Helipads are common features at hospitals where they serve to facilitate medical evacuation or air ambulance transfers of patients to trauma centers or to accept patients from remote areas without local hospitals or facilities capable of providing the level of emergency medicine required. In urban environments, these heliports are sometimes located on the roof of the hospital.

Rooftop helipads sometimes display a large two-digit number, representing the weight limit (in thousands of pounds) of the pad. A second number may be present, representing the maximum rotor diameter in feet.

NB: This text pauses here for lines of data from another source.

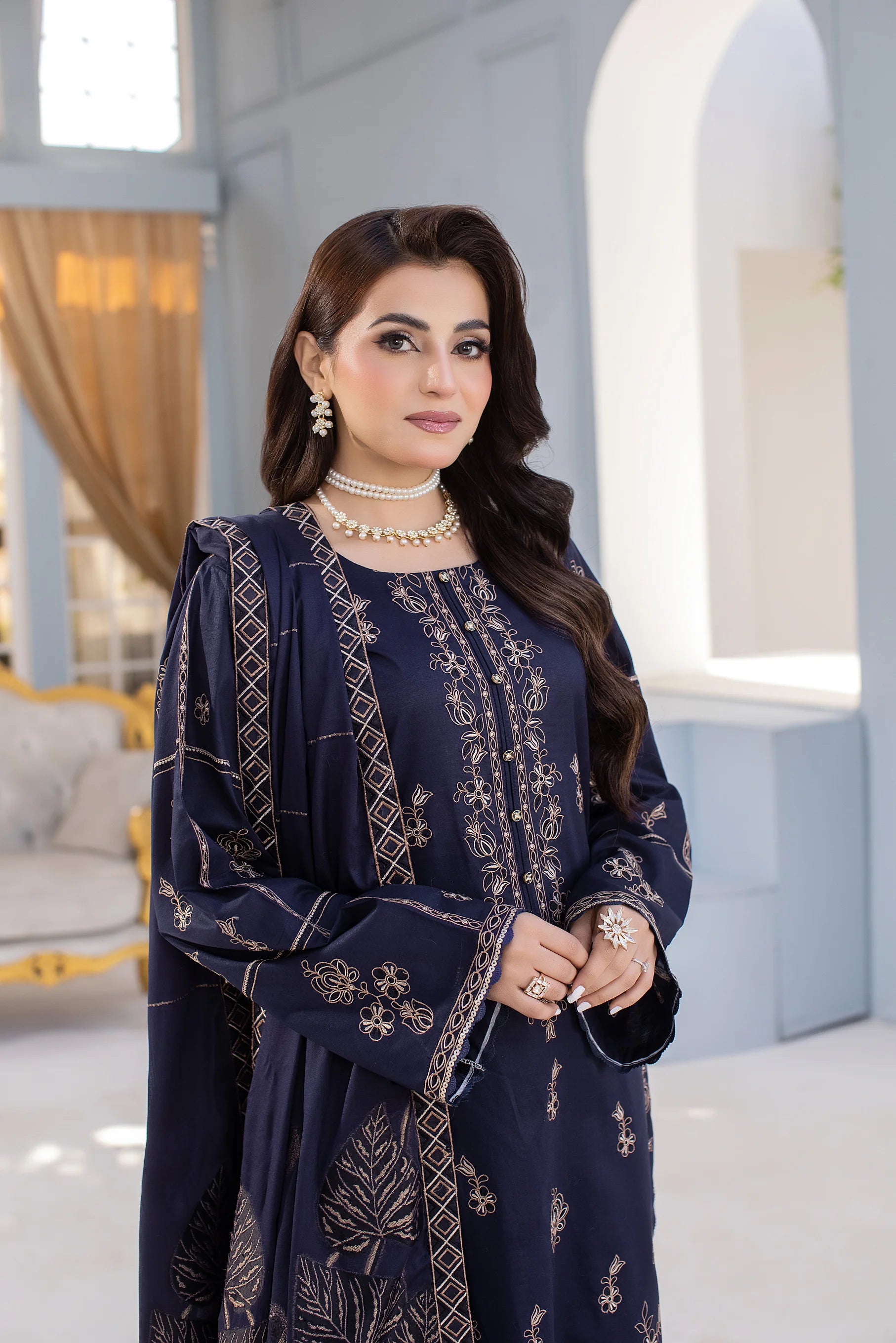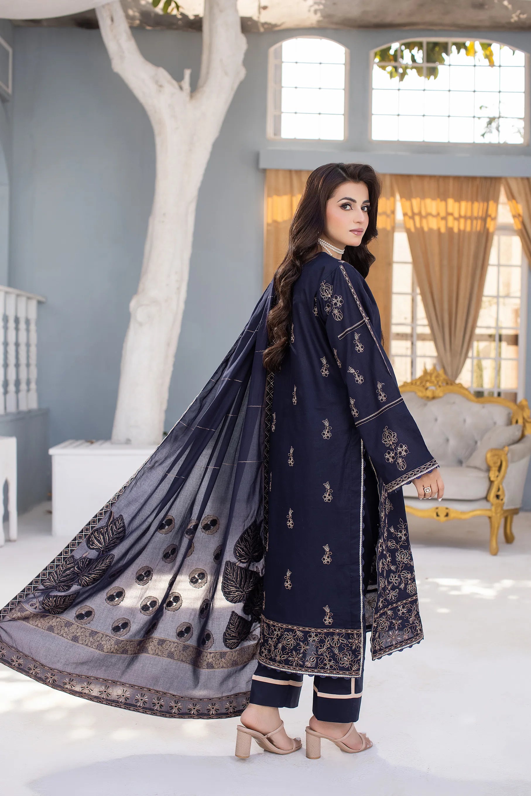 3pc Embroidered Lawn with Lawn Jacquard Dupatta & Cotton Trouser.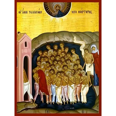 Κριτικάρετε το(τα): Εικόνα Ορθοδοξίας με περίγραμμα χρυσό σε ξύλο Φλαμουρίας με βάση Εικόνα ΑΓΙΟΙ ΤΕΣΣΑΡΑΚΟΝΤΑ ΜΑΡΤΥΡΕΣ ΣΕΒΑΣΤΕΙΑΣ Χειροποίητη Ελληνορθόδοξη εικόνα του Ιησού Χριστού, Κρεμαστή πλάκα βυζαντινής τέχνης, χριστιανική τέχνη Διάσταση 40x30 cm (10,2x7,9 ίντσες) I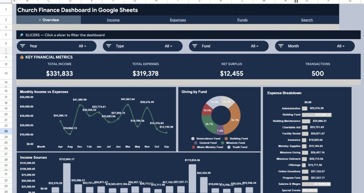 Church Finance Dashboard in Google Sheets - OverviewChurch Finance Dashboard in Google Sheets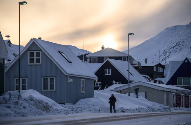 Mặt trời mọc trên đỉnh núi tại Nuuk, Greenland, tháng 3/2025. Ảnh: Getty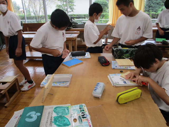 写真立て作り (1年 技術) 2025年10月1日 最終更新日時 : 2025年10月1日 kumagaya_edit 透明なアクリル板と木の板を使って写真立てを制作しています。好みのサイズ、好みの形、好みの色に加工して様々な作品を制作しています。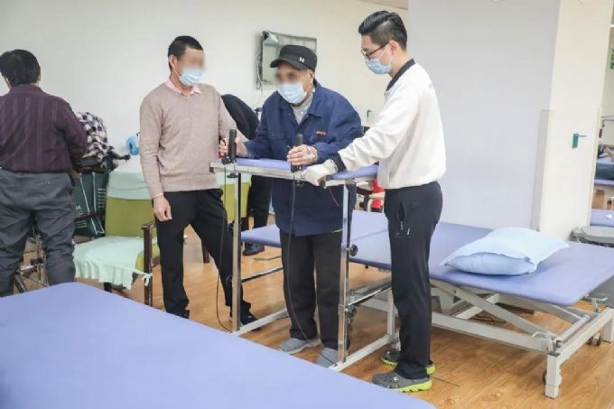 老趙的康復(fù)治療師劉松,休息路過老趙病房時,總要來老趙床前打個招呼,劉松說:“疫情期間不讓探視,老趙以前兒子兒媳天天來看他,現(xiàn)在特殊時期怕他寂寞,我路過時候就跟他聊兩句,他開心了,心情會好一些,也更有動力。”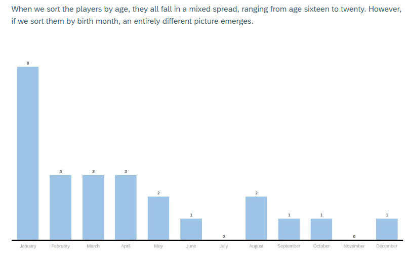 Quando selezioniamo i giocatori in base all’età, non emerge niente di significativo; oscillano dai 16 ai 20 anni. Tuttavia se li ordiniamo in base al mese di nascita, emerge uno scenario completamente differente: una grande percentuale di giocatori risulta essere nata all’inizio dell’anno con il mese di gennaio che domina su tutti gli altri.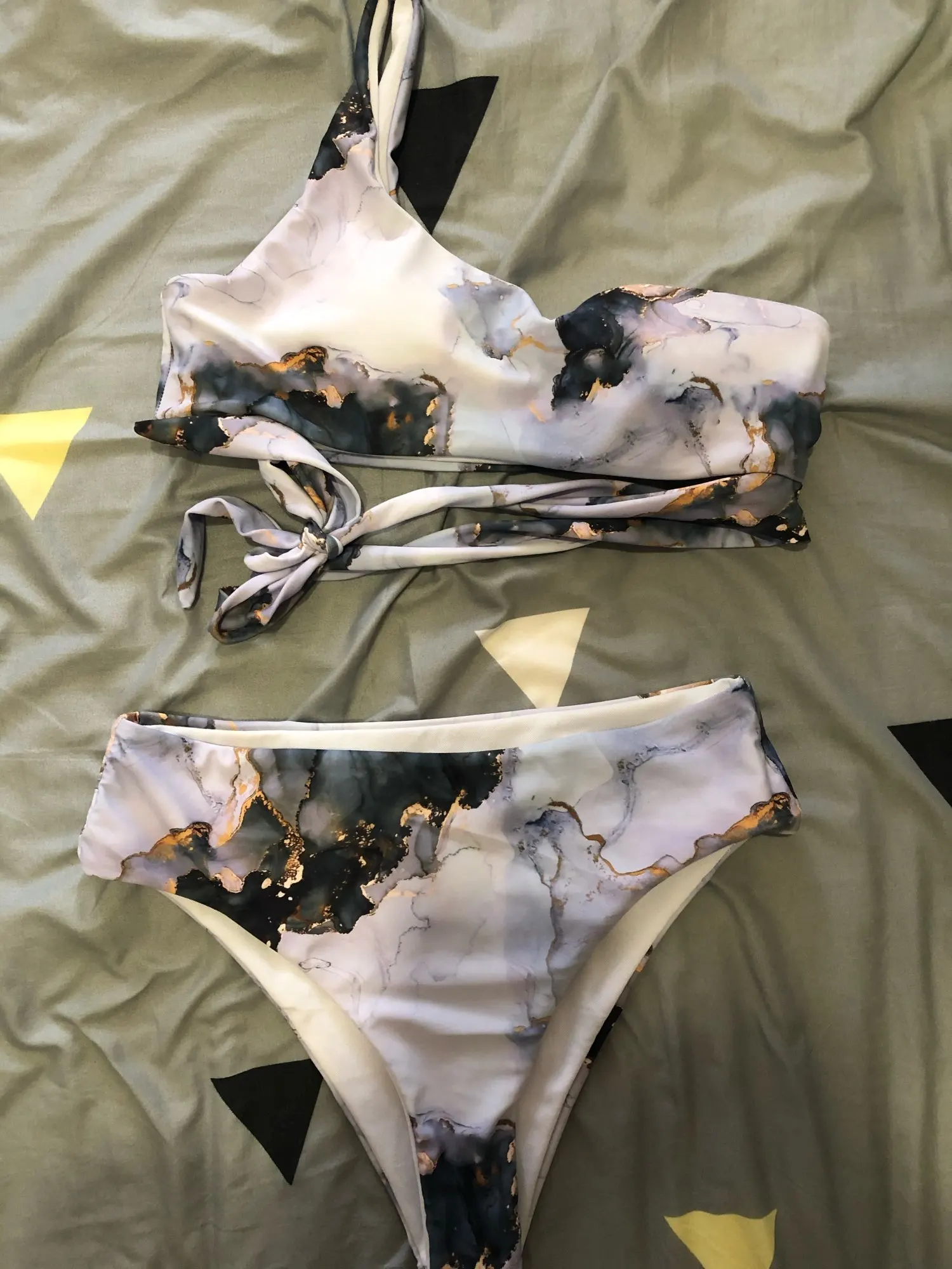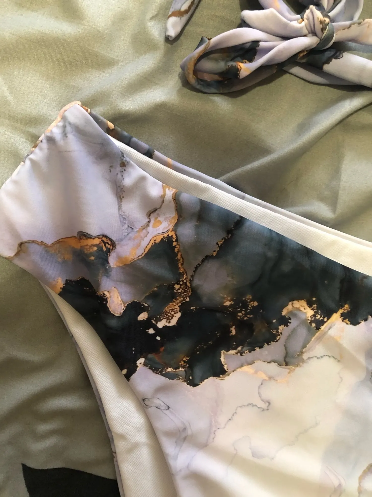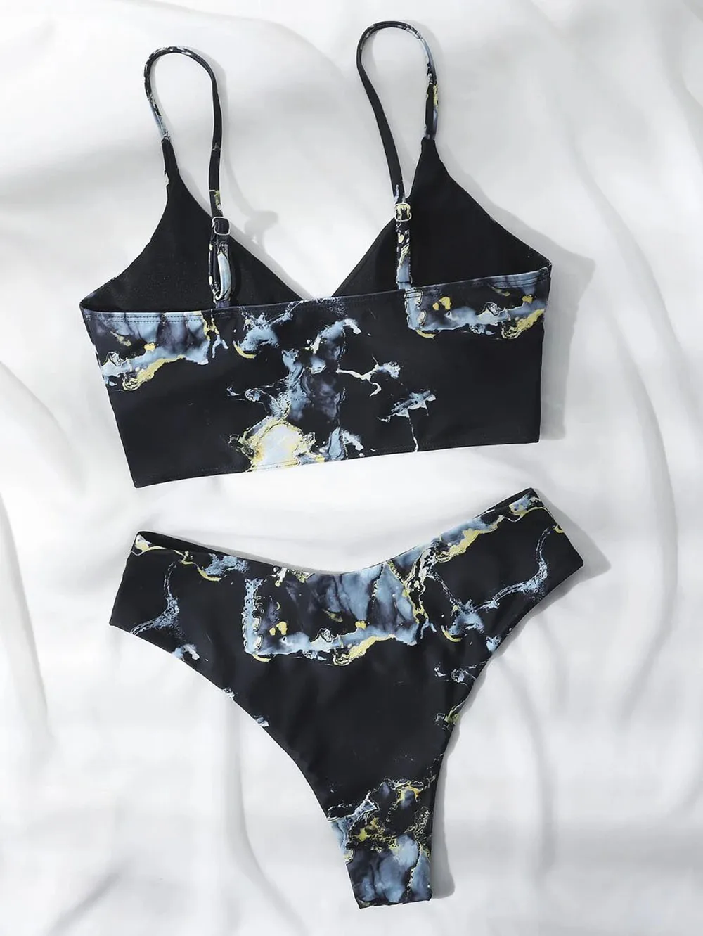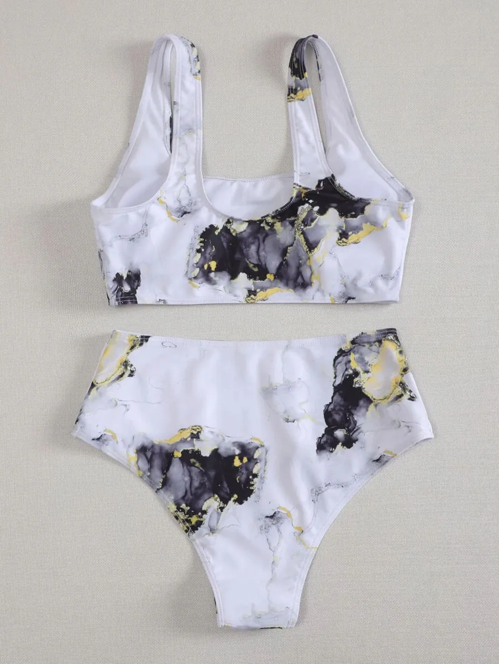 Новинка 2023, спортивный бандо с принтом, бикини с пуш-ап, сексуальный женский купальник с мраморным узором, купальник с высокой талией, женский купальный костюм, пляжная одежда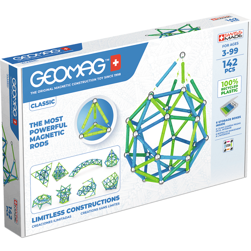Super klocki Geomag to konstrukcyjne klocki magnetyczne, za pomocą których można stworzyć niezliczone, różne konstrukcje. Zabawa klockami pobudza wyobraźnię, stymuluje kreatywność i rozwija ich intelekt. W skład zestawu wchodzą magnetyczne patyczki i metalowe kulki, które łączą się ze sobą w dowolny sposób. Poprzez łączenie elementów zestawu, mali konstruktorzy rozwijają zdolności manualne oraz ćwiczą koncentrację, klocki pobudzą ich matematyczną ciekawość.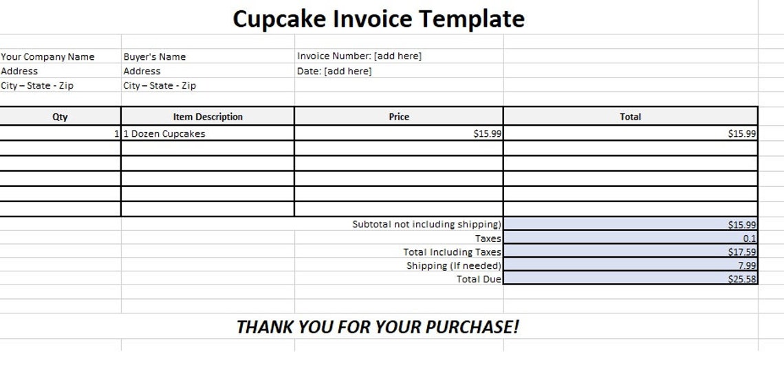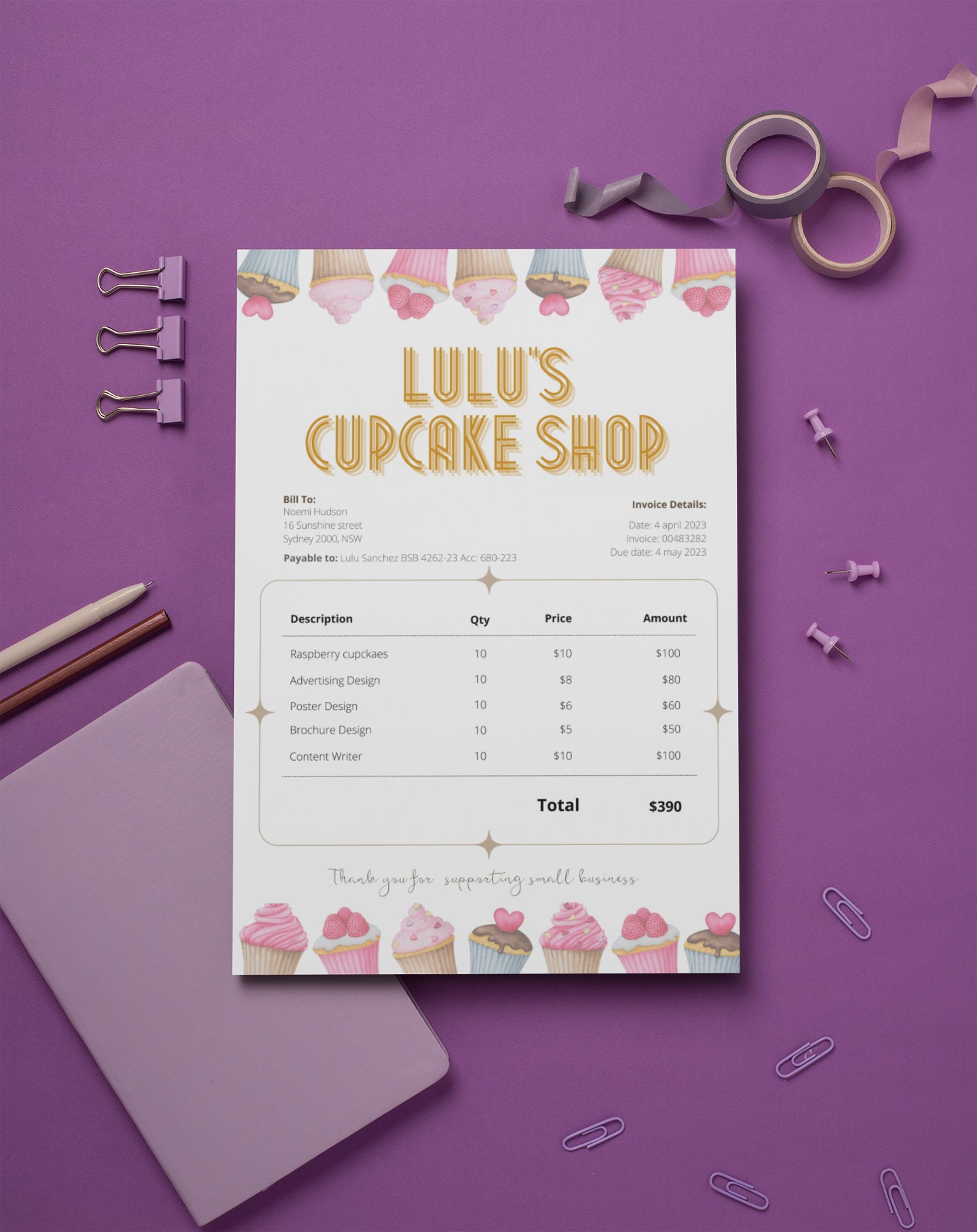 Bakery Invoice Template for Small Business Cupcake Baking Invoice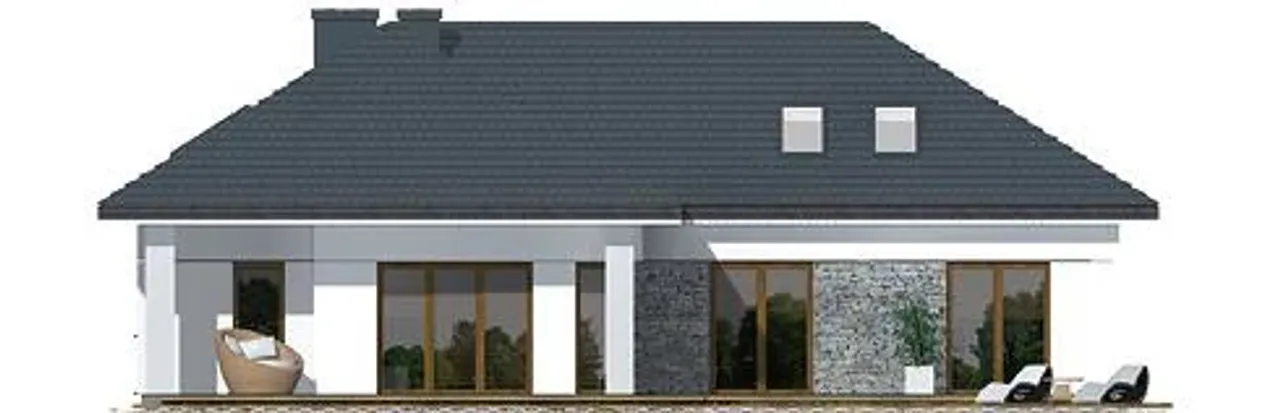 Laredo 2 to parterowy dom z możliwością adaptacji poddasza. Wewnątrz posiada dobrze doświetlone pokoje jak np. salon połączony z jadalnią i półotwartą kuchnią. Projekt zawiera zadaszony taras oraz garaż.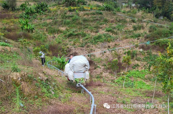 2022年,常州市新北區(qū)對(duì)口幫扶嵐皋縣聯(lián)絡(luò)組專(zhuān)門(mén)撥付蘇陜協(xié)作資金350萬(wàn)元,為當(dāng)?shù)匕l(fā)展獼猴桃、碧根果等產(chǎn)業(yè)的村子安裝山地軌道運(yùn)輸車(chē)20公里,直接讓3500畝土地的種植戶(hù)受益。軌道運(yùn)輸車(chē)的安裝,讓當(dāng)?shù)厝罕姀拇烁鎰e了依靠人力肩挑背扛的歷史。包括獼猴桃、黃豆、紅薯等在內(nèi)的所有莊稼,從此在地里收獲后,只需要主人裝入軌道運(yùn)輸車(chē),就可以直接送到農(nóng)用車(chē)上,然后拉回家。
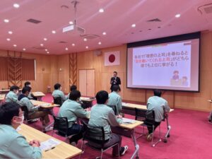 当日は、岡山工場および鹿児島工場の監督職を対象に、鹿児島工場からはWEB参加も交えながら研修を行いました。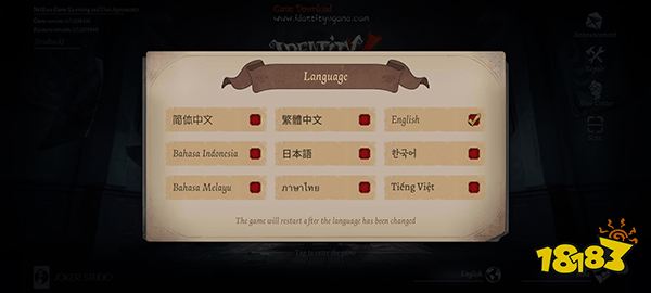 在您首次进入游戏时,系统会提示您下载必要的数据文件。完成下载后,请在界面右下角找到并点击“English”选项,以切换到英文界面。

Location identifiers are often, but not always, issued for helipads. They may be issued by the appropriate aviation authority. Authorized agencies include the Federal Aviation Administration in the United States, Transport Canada in Canada, the International Civil Aviation Organization, and the International Air Transport Association. Some helipads may have location identifiers from multiple sources, and these identifiers may be of different format and name.

== Construction ==
Helipads are usually constructed out of concrete and are marked with a circle and/or a letter "H", so as to be visible from the air. Sometimes wildfire fighters will construct a temporary one from timber to receive supplies in remote areas. Rig mats may be used to build helipads. Landing pads may also be constructed in extreme conditions such as on ice.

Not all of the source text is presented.